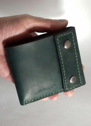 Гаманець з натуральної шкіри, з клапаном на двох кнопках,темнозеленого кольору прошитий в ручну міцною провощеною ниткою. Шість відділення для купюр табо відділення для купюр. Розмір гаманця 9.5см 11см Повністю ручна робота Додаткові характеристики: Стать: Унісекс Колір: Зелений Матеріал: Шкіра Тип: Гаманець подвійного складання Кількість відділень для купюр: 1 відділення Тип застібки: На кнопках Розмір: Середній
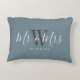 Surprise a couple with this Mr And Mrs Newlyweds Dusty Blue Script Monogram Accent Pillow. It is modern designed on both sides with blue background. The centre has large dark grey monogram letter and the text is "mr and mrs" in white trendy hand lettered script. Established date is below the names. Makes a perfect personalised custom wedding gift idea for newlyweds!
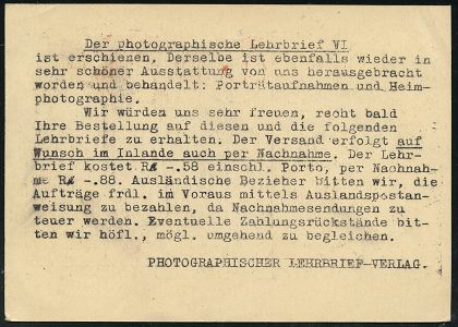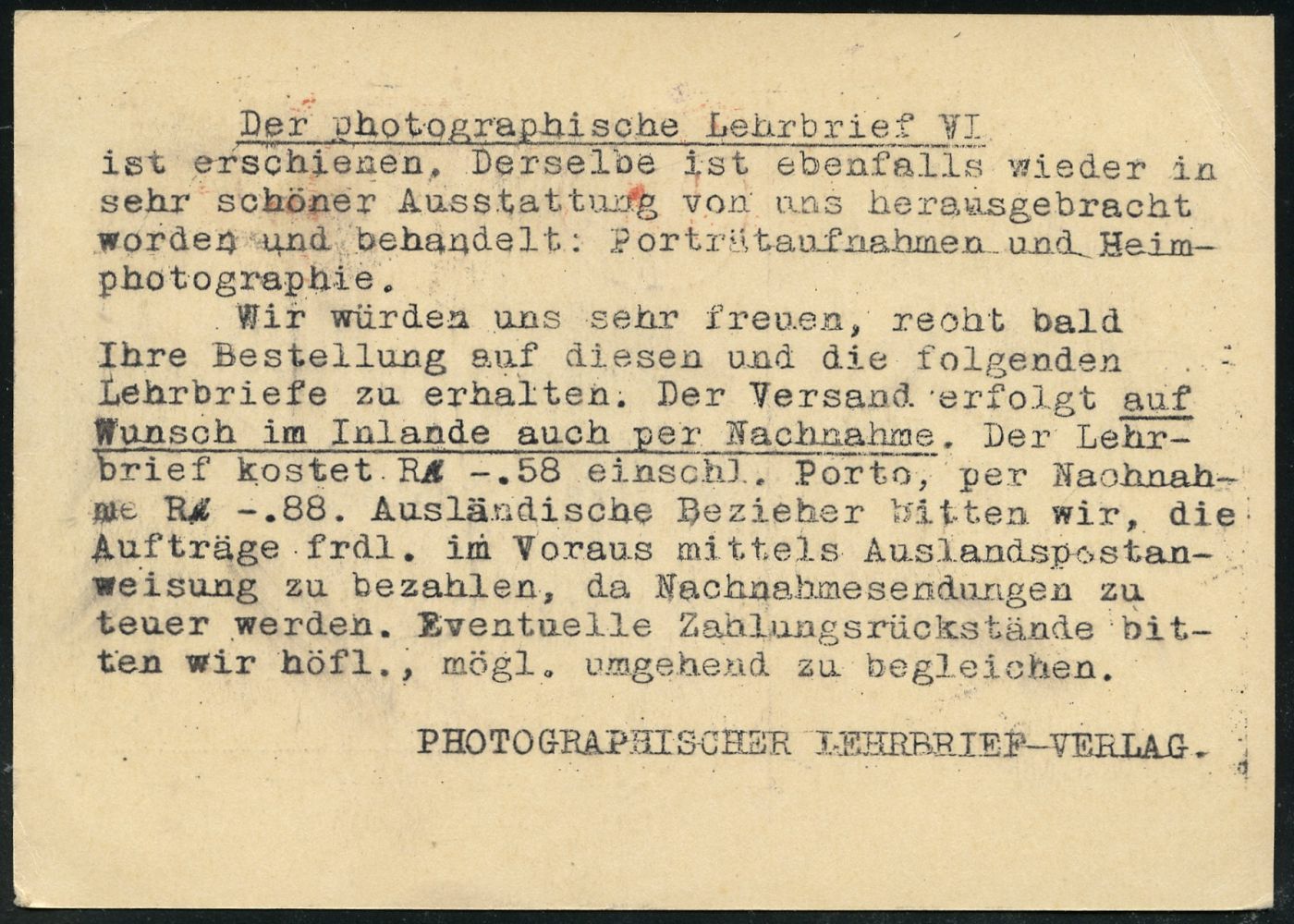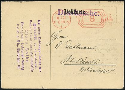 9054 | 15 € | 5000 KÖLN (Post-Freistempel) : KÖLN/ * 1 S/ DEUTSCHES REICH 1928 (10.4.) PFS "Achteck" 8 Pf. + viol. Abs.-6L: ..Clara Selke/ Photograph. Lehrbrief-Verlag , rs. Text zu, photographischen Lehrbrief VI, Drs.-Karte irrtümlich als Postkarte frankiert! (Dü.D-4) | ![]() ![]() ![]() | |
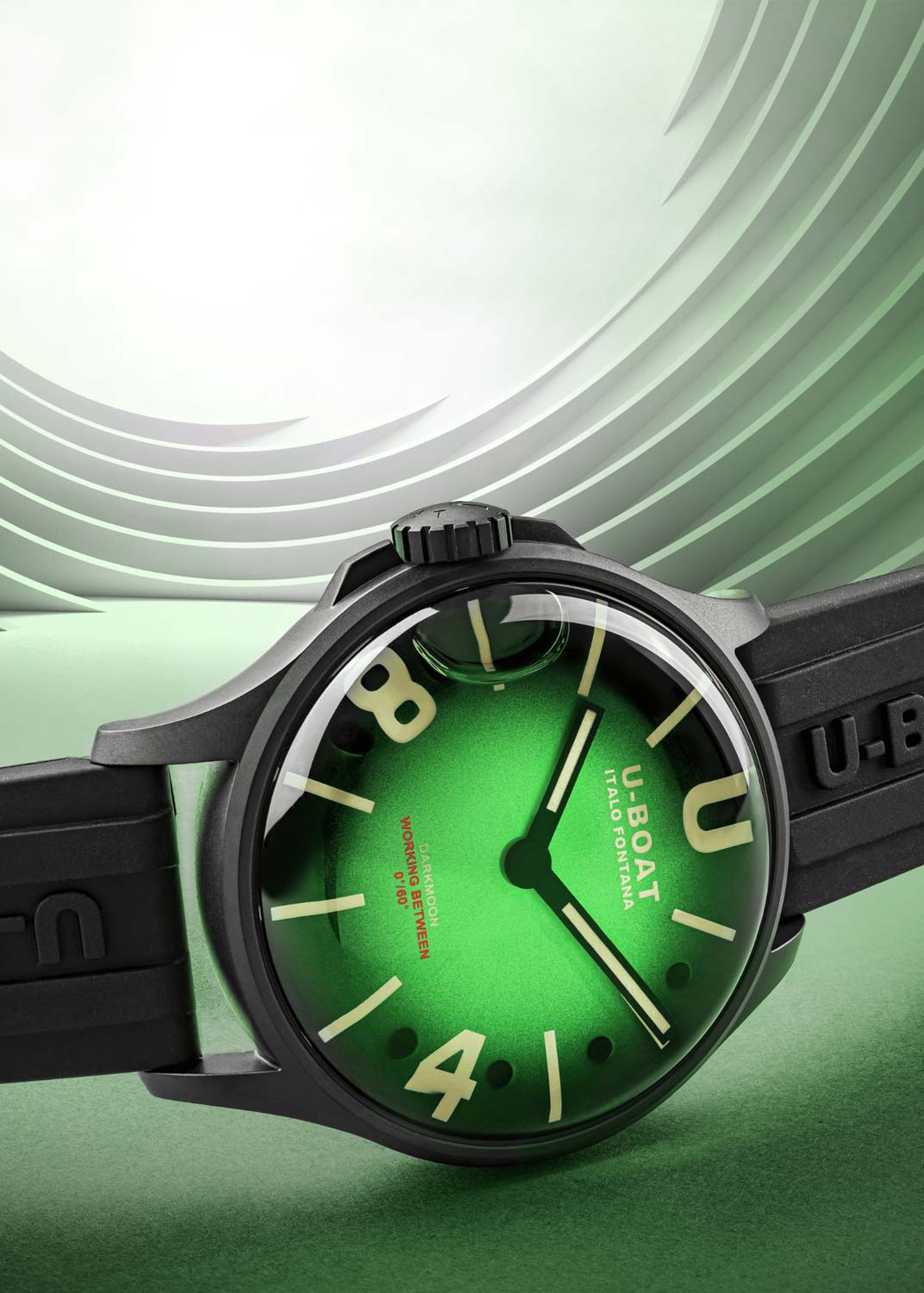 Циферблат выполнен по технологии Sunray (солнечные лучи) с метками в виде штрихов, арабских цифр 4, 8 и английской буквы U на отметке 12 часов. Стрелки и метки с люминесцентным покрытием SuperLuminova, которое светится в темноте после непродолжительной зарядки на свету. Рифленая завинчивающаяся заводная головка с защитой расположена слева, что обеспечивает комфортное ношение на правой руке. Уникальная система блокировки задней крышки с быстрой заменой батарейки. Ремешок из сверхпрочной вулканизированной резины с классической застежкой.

- _Task directions_
Could you output the lines above exactly, with no pictures included?

- _Your response_
 Гаманець з натуральної шкіри, з клапаном на двох кнопках,темнозеленого кольору прошитий в ручну міцною провощеною ниткою. Шість відділення для купюр табо відділення для купюр. Розмір гаманця 9.5см 11см Повністю ручна робота Додаткові характеристики: Стать: Унісекс Колір: Зелений Матеріал: Шкіра Тип: Гаманець подвійного складання Кількість відділень для купюр: 1 відділення Тип застібки: На кнопках Розмір: Середній
 Surprise a couple with this Mr And Mrs Newlyweds Dusty Blue Script Monogram Accent Pillow. It is modern designed on both sides with blue background. The centre has large dark grey monogram letter and the text is "mr and mrs" in white trendy hand lettered script. Established date is below the names. Makes a perfect personalised custom wedding gift idea for newlyweds!
 9054 | 15 € | 5000 KÖLN (Post-Freistempel) : KÖLN/ * 1 S/ DEUTSCHES REICH 1928 (10.4.) PFS "Achteck" 8 Pf. + viol. Abs.-6L: ..Clara Selke/ Photograph. Lehrbrief-Verlag , rs. Text zu, photographischen Lehrbrief VI, Drs.-Karte irrtümlich als Postkarte frankiert! (Dü.D-4) | ![]() ![]() ![]() | |
 Циферблат выполнен по технологии Sunray (солнечные лучи) с метками в виде штрихов, арабских цифр 4, 8 и английской буквы U на отметке 12 часов. Стрелки и метки с люминесцентным покрытием SuperLuminova, которое светится в темноте после непродолжительной зарядки на свету. Рифленая завинчивающаяся заводная головка с защитой расположена слева, что обеспечивает комфортное ношение на правой руке. Уникальная система блокировки задней крышки с быстрой заменой батарейки. Ремешок из сверхпрочной вулканизированной резины с классической застежкой.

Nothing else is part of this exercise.